The skill shows how to build a HISAT2 index from a reference FASTA, optionally incorporating splice site and exon lists extracted from a GTF to improve alignment of spliced reads. It demonstrates direct alignment commands for paired and single reads, streaming output into samtools to produce sorted and indexed BAMs, and flags for stranded libraries, novel splice discovery, and read-group tagging.
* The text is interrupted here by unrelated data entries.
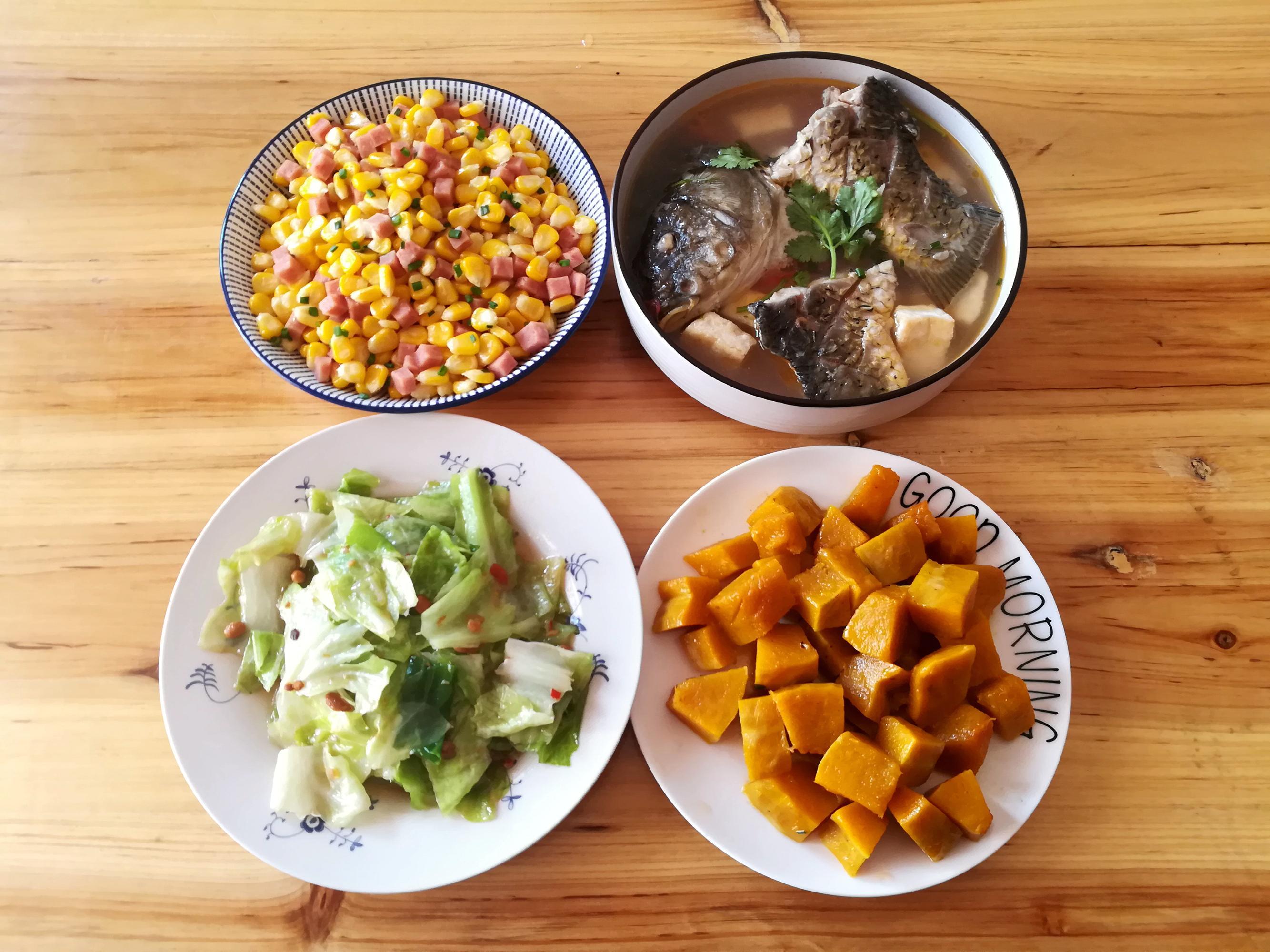 第三天:魚肉豆腐湯、午餐肉炒玉米、黃燜南瓜、素炒包菜。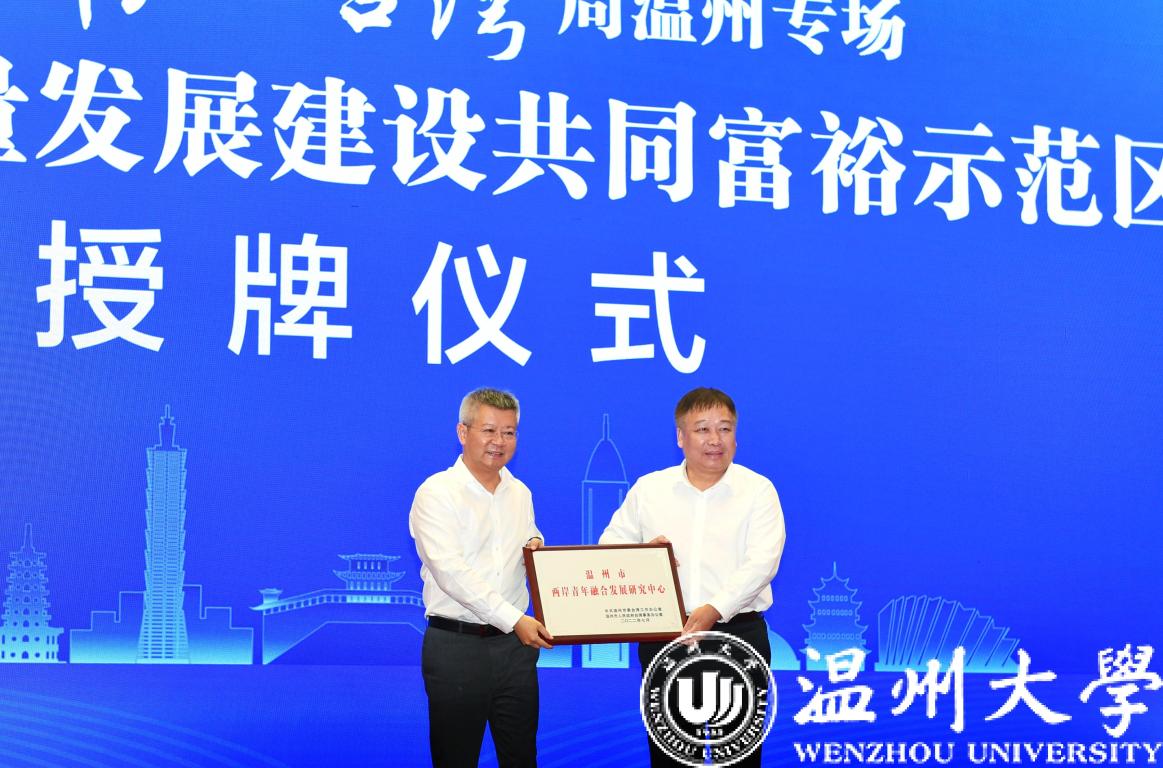 在“筑梦温州”海峡青年创新创业季启动仪式上,大会为日本a片 两岸青年融合发展研究中心授牌,校长赵敏校长从温州市委常委、统战部部长汪驰手中接牌。
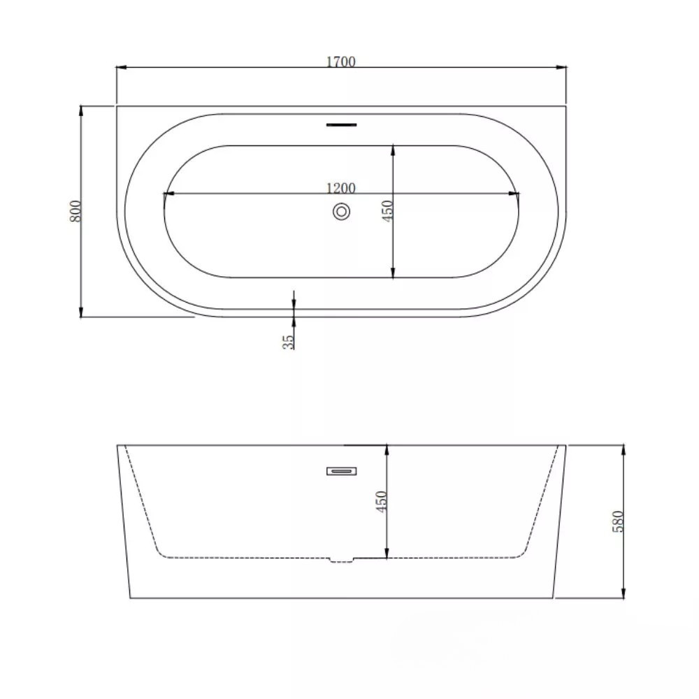 Florida Black félszabadonálló akril, 170 cm hosszú, fényes króm elemekkel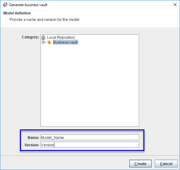 - When the Business vault model window opens, type a Name and Version for the model, and click Create.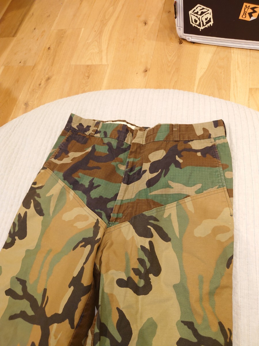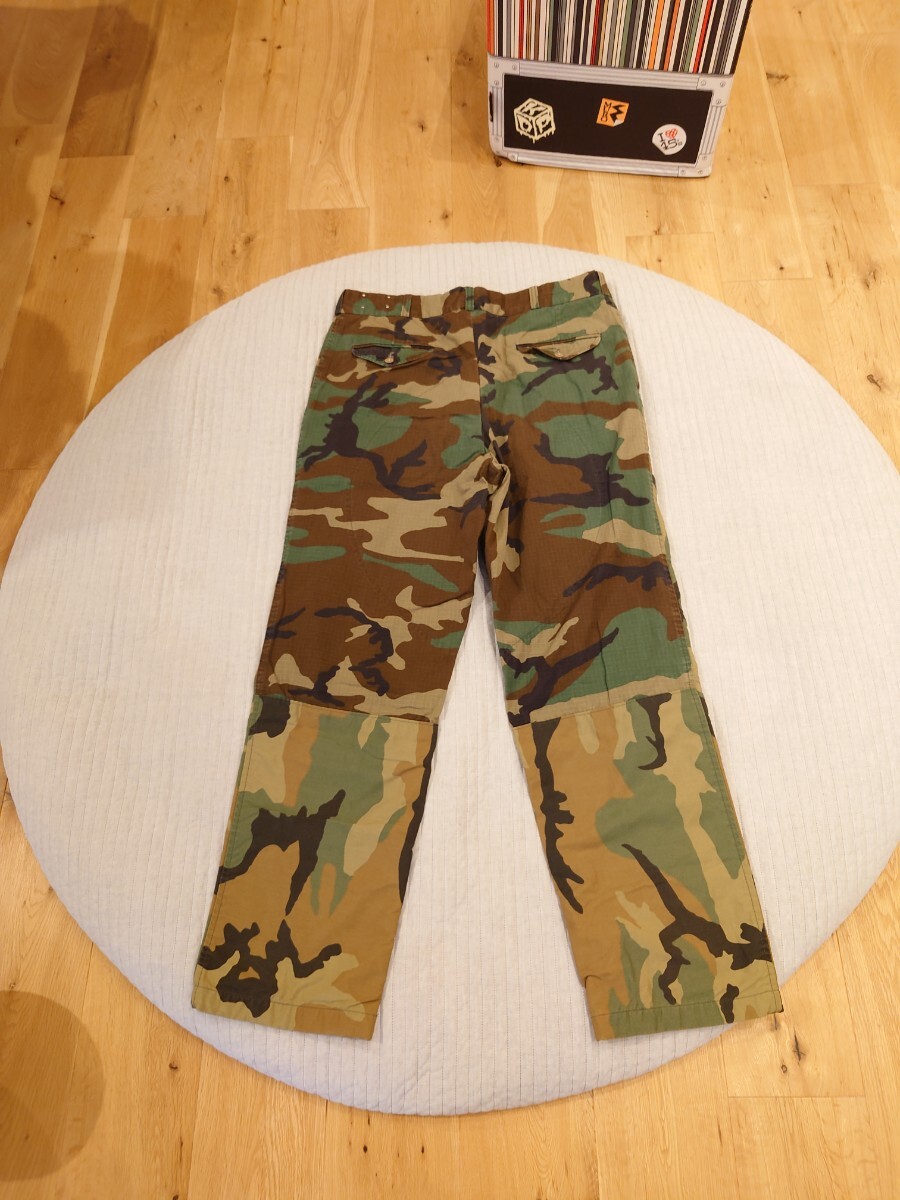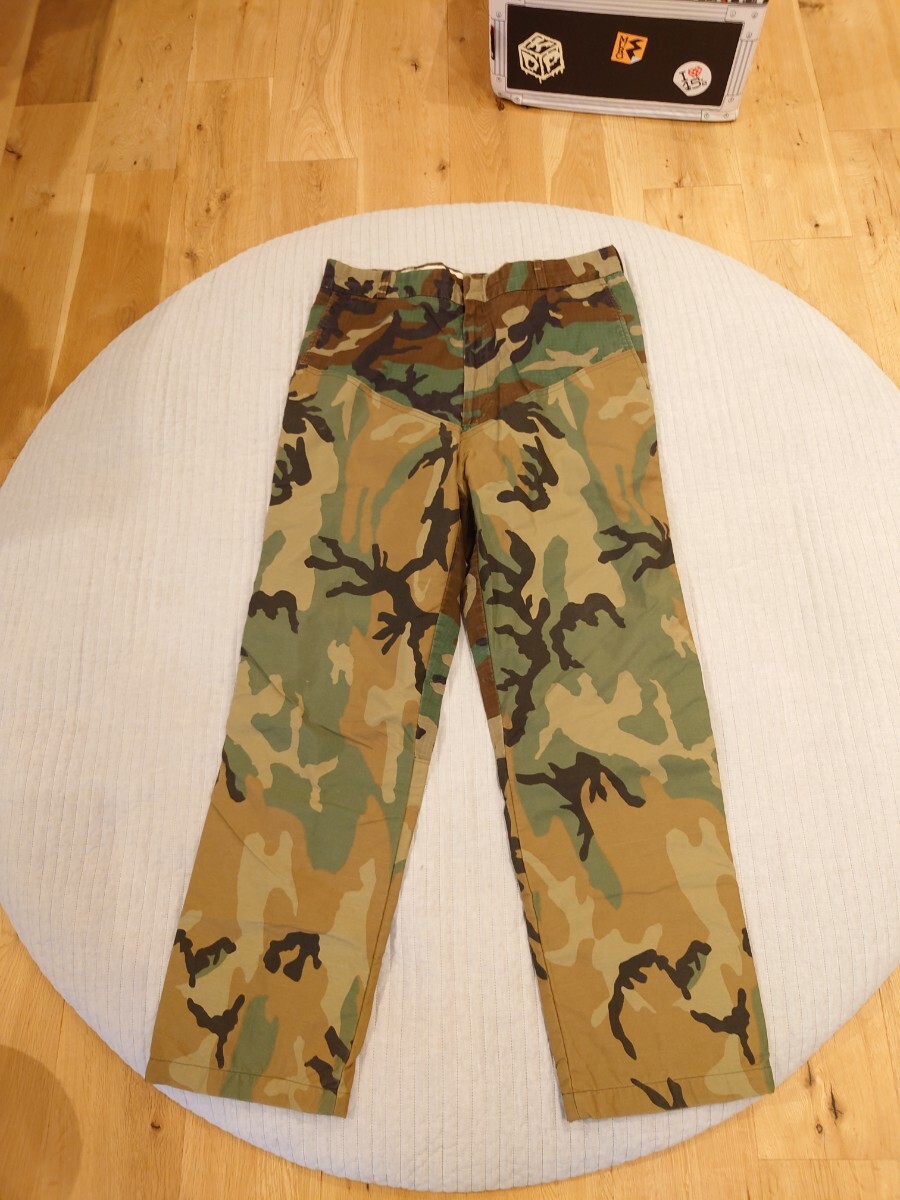 1980年代〜のLLビーンのハンティングパンツです。特筆すべきはウッドランドカモ柄が2種類使用されている所でしょう。下記の通りディテール盛り沢山です。状態もミントコンディションで、サイズも良いです。お探しだった方のご入札をお待ちしております。
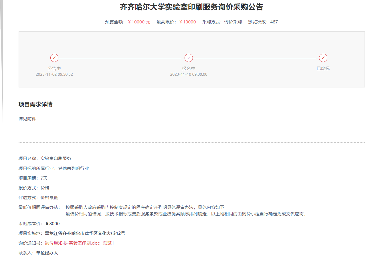 上一条:sunbet申搏官方网站实验室印刷服务(第2次)询价采购公告(转自黑龙江省政府采购网)

It also describes a manual two-pass workflow: discover novel junctions across samples, merge them, and realign using the combined junction set to boost splice sensitivity.

When to use it

  • When STAR requires more memory than available (HISAT2 is much lighter).
  • For standard RNA-seq mapping where splice-aware alignment is needed.
  • When you want to discover novel splice junctions and reuse them across samples.
  • When preparing BAMs for downstream tools like featureCounts, StringTie, or htseq-count.
  • For workflows that require read-group information or specific strandedness handling.

Best practices

  • Build the index with splice_sites and exons from a trusted GTF to improve alignments.
  • Pipe HISAT2 output directly to samtools sort to avoid large intermediate SAM files.
  • Run a two-pass approach across samples to increase novel junction sensitivity when studying unannotated splicing.
  • Include appropriate --rna-strandness and read-group (--rg) tags for accurate quantification and metadata.
  • Check tool versions (hisat2, samtools) and adapt CLI flags if versions differ; capture HISAT2 stderr for the alignment summary.

Example use cases

  • Align paired-end human RNA-seq on a machine with ~8 GB RAM using a HISAT2 index built with GTF-derived splice sites.
  • Produce coordinate-sorted BAMs for featureCounts or name-sorted BAMs for htseq-count by piping to samtools with the appropriate sort mode.
  • Run a manual two-pass pipeline: discover novel splice junctions in pass 1, merge them, and realign all samples in pass 2.
  • Detect novel splicing events with --novel-splicesite-outfile and feed the combined catalog back with --novel-splicesite-infile.
  • Prepare alignments for transcript assembly by enabling --dta when planning to run StringTie or Cufflinks downstream.

FAQ

How much memory does HISAT2 need compared to STAR?

HISAT2 typically requires around 8 GB for a human genome index, whereas STAR usually needs on the order of ~30 GB.

Should I always build the index with splice and exon files?

It is recommended when you have a reliable annotation: adding splice_sites and exons improves spliced alignment sensitivity and accuracy.